# Mahoosuc Notch advice



## billski (May 14, 2009)

Looking at doing the Notch as a day trip.  Given that I'm  a slow but very persistent hiker, what's the best route for a round-trip day trip?   Speck pond trail (do the vertical up first) , through the notch and then back out through the notch trail?
According to Magic's report, maybe it's too much for a singe day.
http://forums.alpinezone.com/1792-mahoosuc-notch-speck-pond-old-speck-10-2-3-2004-a.html
Maybe just go up through the notch and back out again?  Or am I crazy?
I'm really just interested in seeing the notch and not in a position to summit and do an overnighter.

 Thanks!


----------



## madman (May 14, 2009)

I would do it in and out it is a realy cool place and if I had to do it in a day this is how I would do it. If you are going soon I would try to find out the conditions it is probably still snow filled.


----------



## Mike P. (May 15, 2009)

It can be done as a day hike by very fit hikers.

Depending on how my plans next week go, I may be doing Goose Eye + a couple of others & descending the Notch trail back to the road.  I could poke my head in & see how much snow there is.

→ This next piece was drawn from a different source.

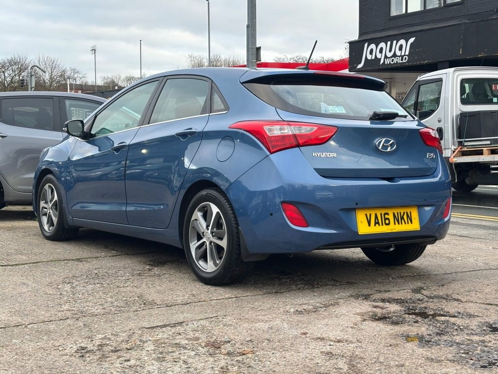 This 2016 Hyundai i30 SE Nav presents an exceptional opportunity with its remarkably low mileage of just 7355 miles, a truly outstanding figure for a vehicle of its age. This one owner, Euro 6 compliant 1.6 litre petrol model boasts a full Hyundai dealer service history and a clear vehicle history check, offering peace of mind. Inside, you'll find convenient features such as Bluetooth connectivity for seamless phone integration, air conditioning to keep you comfortable in all conditions, and rear parking sensors paired with a rear view parking camera to assist with manoeuvring. The SE Nav trim level ensures a well equipped driving experience, and the i30's reputation for reliability is further enhanced by its low insurance group rating, making it an economical choice for many drivers. These combined factors, including the exceptionally low mileage and single owner history, clearly set this Hyundai i30 apart from other vehicles you might consider. Ara Blue, 12V Power Outlet, 12V Power Outlet - Luggage Compartment, 16in Alloy Wheels, 7in Touch Screen, ABS - Anti-Lock Brake System, Air Conditioning, Airbags - Curtain, Airbags - Driver, Airbags - Front Passenger, Airbags - Front Side, Alarm, Armrest - Front Centre with Storage Comp, Armrest - Rear Centre, Automatic Dimming Rear View Mirror, BAS - Brake Assist System, Bluetooth Connectivity, Chrome Effect Interior Door Handles, Cruise Control with Speed Limiter, Cup Holders - Front x2, Cup Holders - Rear, Daytime Running Lights - LED, Deadlocks, Door Handles - Body Coloured, Door Mirrors - Body Coloured, Door Mirrors - Electric Heated and Foldi, Driver Seat Height Adjustment, EBD - Electr

On a good day though I'll be in the Presidentials though.


----------



## kingdom-tele (May 19, 2009)

don't know how you hike but I would recommend an overnight, you could hike into speck pond, drop your gear and head for the notch for  the day, there's a great little stream, especially early in summer to play in and goofing in the notch is a blast

yes there will be snow, likely unitl end of june

speck pond is one of the best places on earth (to me), why rush by


----------



## billski (May 19, 2009)

I am going mid July.   It's definitely on my to-do list, I appreciate all the input!


----------



## Beetlenut (May 19, 2009)

You can take a dirt logging road out of Gorham, to a trailhead within about 2 1/2 miles of the notch. An easy day hike to the notch past a nice swimming hole. I hit it in July and going into the notch was like hitting air conditioning. There was still trapped snow down in some of the bolder caves!


----------



## billski (May 20, 2009)

Beetlenut said:


> You can take a dirt logging road out of Gorham, to a trailhead within about 2 1/2 miles of the notch. An easy day hike to the notch past a nice swimming hole. I hit it in July and going into the notch was like hitting air conditioning. There was still trapped snow down in some of the bolder caves!



I was planning approach from Success Pond Road.  Is that the same thing you are thinking of?

Trolling viewsfromthetop leads to a story and photos about a moose that perished in there.  Ugh.


----------